Vast.ai Deploy Integration

Overview

Deploy ML training jobs and inference services on Vast.ai GPU cloud. Covers instance provisioning via the REST API, Docker image configuration, data transfer strategies, and automated deployment scripts for GPU workloads.

Prerequisites

  • Vast.ai account with API key stored in VASTAI_API_KEY environment variable
  • Vast.ai CLI installed (pip install vastai)
  • Docker image for your workload published to a registry
  • SSH key configured for instance access

Instructions

Step 1: Search and Provision GPU

set -euo pipefail
# Search for available GPUs
vastai search offers 'gpu_name=RTX_4090 reliability2>0.95 disk_space>50' \
  -o 'dph_total' --limit 5

# Create instance from best offer
vastai create instance $OFFER_ID \
  --image pytorch/pytorch:2.1.0-cuda12.1-cudnn8-runtime \
  --disk 100 \
  --onstart-cmd "cd /workspace && git clone https://github.com/myorg/project.git && pip install -r project/requirements.txt"

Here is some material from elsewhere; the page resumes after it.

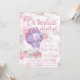 Convites de chá de bebê de balão de ar quente com lindo balão de ar quente floral roxo lavanda em uma nuvem e fundo floral vintage. Este lindo convite de chá de bebê de balão de ar quente é facilmente personalizado para o seu evento, basta adicionar seus detalhes.

Step 2: Deploy Custom Docker Image

# Dockerfile.gpu
FROM pytorch/pytorch:2.1.0-cuda12.1-cudnn8-runtime

WORKDIR /workspace
COPY requirements.txt .
RUN pip install --no-cache-dir -r requirements.txt
COPY . .

CMD ["python", "train.py", "--config", "config.yaml"]
set -euo pipefail
# Build and push
docker build -f Dockerfile.gpu -t myregistry/ml-trainer:latest .
docker push myregistry/ml-trainer:latest

# Deploy on Vast.ai
vastai create instance $OFFER_ID \
  --image myregistry/ml-trainer:latest \
  --disk 100 \
  --env "WANDB_API_KEY=$WANDB_API_KEY HF_TOKEN=$HF_TOKEN"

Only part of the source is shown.